Segment Start: Listed entries
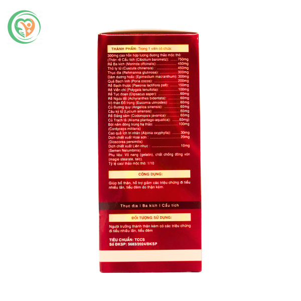 Bổ sung thêm đông trùng hạ thảo và câu kỷ tử, sản phẩm không chỉ hỗ trợ thận mà còn giúp tăng cường sinh lực, cải thiện sức đề kháng cho cơ thể. Uống đều đặn 2 lần mỗi ngày giúp cải thiện dần tình trạng tiểu đêm, từ đó hỗ trợ giấc ngủ sâu và phục hồi thể lực. Viên uống phù hợp cho cả nam và nữ trưởng thành, nhất là người có chức năng thận suy giảm do tuổi tác hoặc áp lực công việc. Sản phẩm được nghiên cứu và sản xuất tại Việt Nam theo tiêu chuẩn chất lượng, là lựa chọn đáng tin cậy để hỗ trợ chăm sóc sức khỏe tiết niệu một cách tự nhiên, hiệu quả.
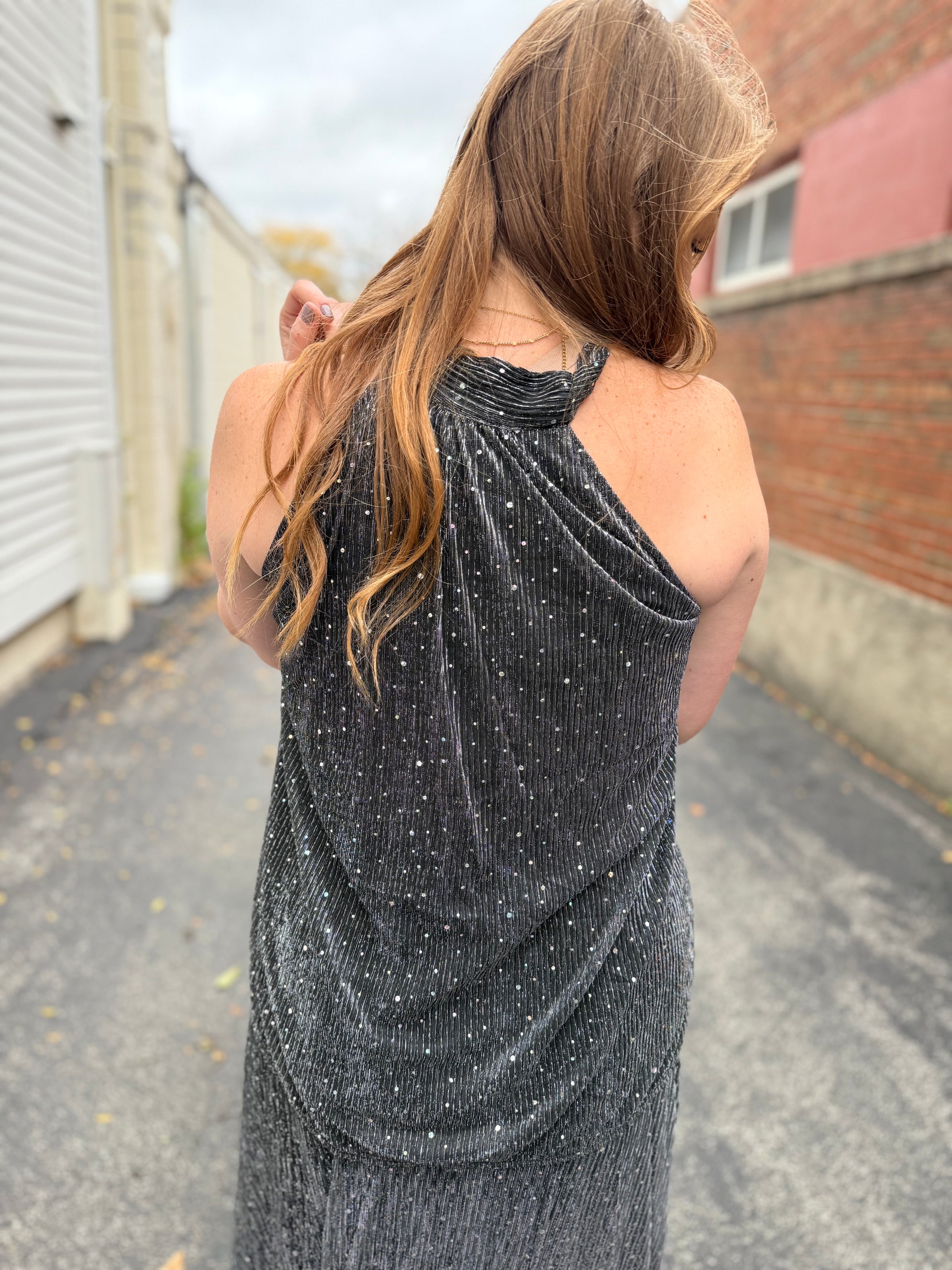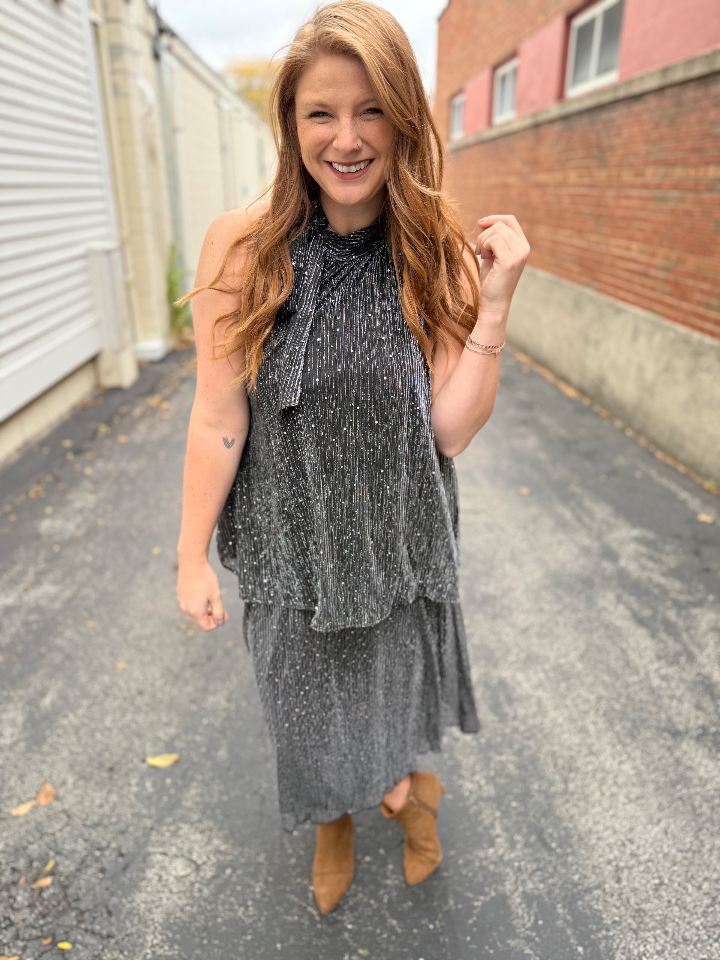 Turn heads in the Midnight Tie Halter Top, a shimmering metallic piece that adds instant sparkle to your look. Its tie detail lets you customize the fit while the halter neckline highlights your shoulders for a flirty vibe. Perfect for nights out
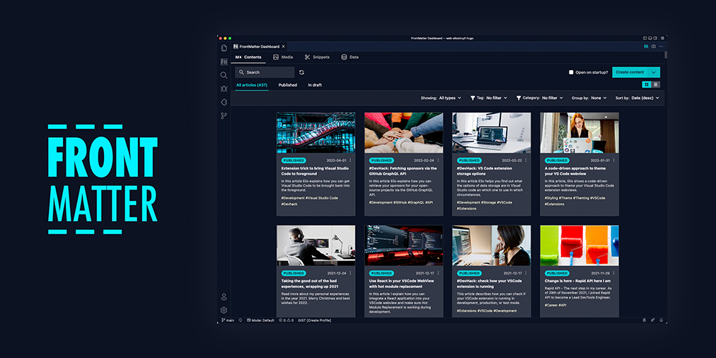 Headless CMS right in your code editor | Front MatterHeadless CMS running in Visual Studio Code that helps managing your static sites. Supports Hugo, Jekyll, Docusaurus, NextJs, Gatsby, and more.
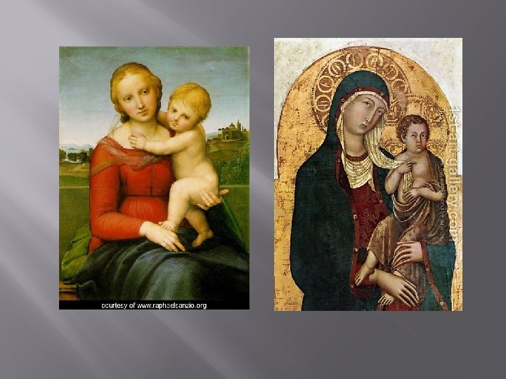 Part I: Art Renaissance art focused on secular topics sometimes Medieval art is only about sacred topics Influenced by Greek and Roman Art Used perspective Subjects look like individuals Artists signed their work and some artists became famous Influenced by study of human anatomy Brighter colors
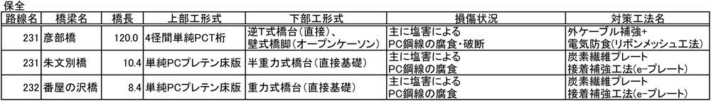 片倉 あります。増毛町の国道231号信砂川河口に架かる彦部橋(橋長120㍍、4径間単純ポステンPCT桁橋)です。河口から20㍍程度しか離れておらず、一部でPC鋼線の塩害による損傷が確認されていることから外ケーブルで補強すると同時に外部電源方式による電気防食(リボンメッシュ工法)で塩害対策を施しています。長期的に見ると架け替えが必要であると考えています。また、同じく国道231号の増毛町朱文別にある朱文別橋では、犠牲陽極(デンカガルバーシールドF)で塩害対策を実施しています。
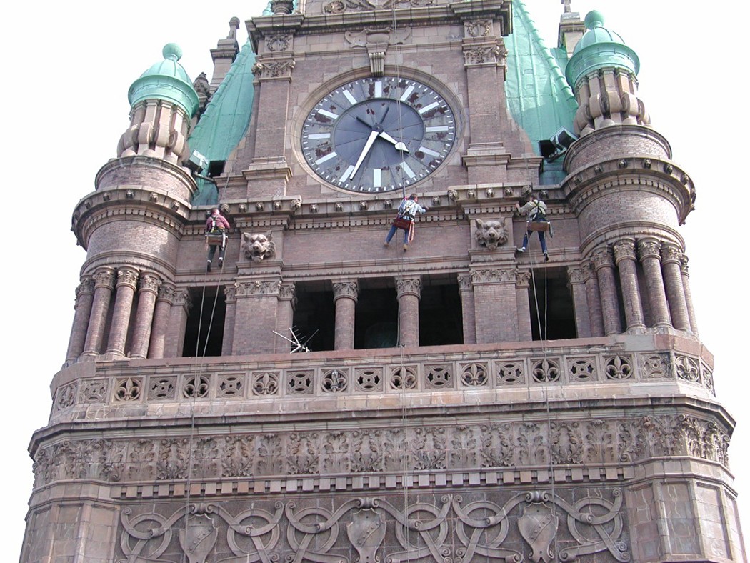 Based on the investigation, WJE developed a historically sensitive approach to the exterior restoration that was consistent with the Secretary of the Interior's Standards. A comprehensive report documented the existing conditions and the observed long-term effects of masonry cleaning and repairs performed in the 1970s. Cost estimates were also developed for repair or replacement of damaged, missing, or altered facade elements as well as for repair and supplemental reinforcement of the bell tower structure.
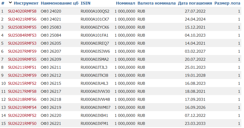 В отличие от акций, рублевые облигации более стандартизированы. Практически все они торгуются единичным лотом, а номинал в большинстве случаев равен 1 000 рублей. Это касается:
Segment End: Listed entries
Description of the task -> Quote all the lines above exactly as given. Do not include the pictures.

Exercise solution ->
 Bổ sung thêm đông trùng hạ thảo và câu kỷ tử, sản phẩm không chỉ hỗ trợ thận mà còn giúp tăng cường sinh lực, cải thiện sức đề kháng cho cơ thể. Uống đều đặn 2 lần mỗi ngày giúp cải thiện dần tình trạng tiểu đêm, từ đó hỗ trợ giấc ngủ sâu và phục hồi thể lực. Viên uống phù hợp cho cả nam và nữ trưởng thành, nhất là người có chức năng thận suy giảm do tuổi tác hoặc áp lực công việc. Sản phẩm được nghiên cứu và sản xuất tại Việt Nam theo tiêu chuẩn chất lượng, là lựa chọn đáng tin cậy để hỗ trợ chăm sóc sức khỏe tiết niệu một cách tự nhiên, hiệu quả.
 Turn heads in the Midnight Tie Halter Top, a shimmering metallic piece that adds instant sparkle to your look. Its tie detail lets you customize the fit while the halter neckline highlights your shoulders for a flirty vibe. Perfect for nights out
 Headless CMS right in your code editor | Front MatterHeadless CMS running in Visual Studio Code that helps managing your static sites. Supports Hugo, Jekyll, Docusaurus, NextJs, Gatsby, and more.
 Part I: Art Renaissance art focused on secular topics sometimes Medieval art is only about sacred topics Influenced by Greek and Roman Art Used perspective Subjects look like individuals Artists signed their work and some artists became famous Influenced by study of human anatomy Brighter colors
 片倉 あります。増毛町の国道231号信砂川河口に架かる彦部橋(橋長120㍍、4径間単純ポステンPCT桁橋)です。河口から20㍍程度しか離れておらず、一部でPC鋼線の塩害による損傷が確認されていることから外ケーブルで補強すると同時に外部電源方式による電気防食(リボンメッシュ工法)で塩害対策を施しています。長期的に見ると架け替えが必要であると考えています。また、同じく国道231号の増毛町朱文別にある朱文別橋では、犠牲陽極(デンカガルバーシールドF)で塩害対策を実施しています。
 Based on the investigation, WJE developed a historically sensitive approach to the exterior restoration that was consistent with the Secretary of the Interior's Standards. A comprehensive report documented the existing conditions and the observed long-term effects of masonry cleaning and repairs performed in the 1970s. Cost estimates were also developed for repair or replacement of damaged, missing, or altered facade elements as well as for repair and supplemental reinforcement of the bell tower structure.
 В отличие от акций, рублевые облигации более стандартизированы. Практически все они торгуются единичным лотом, а номинал в большинстве случаев равен 1 000 рублей. Это касается:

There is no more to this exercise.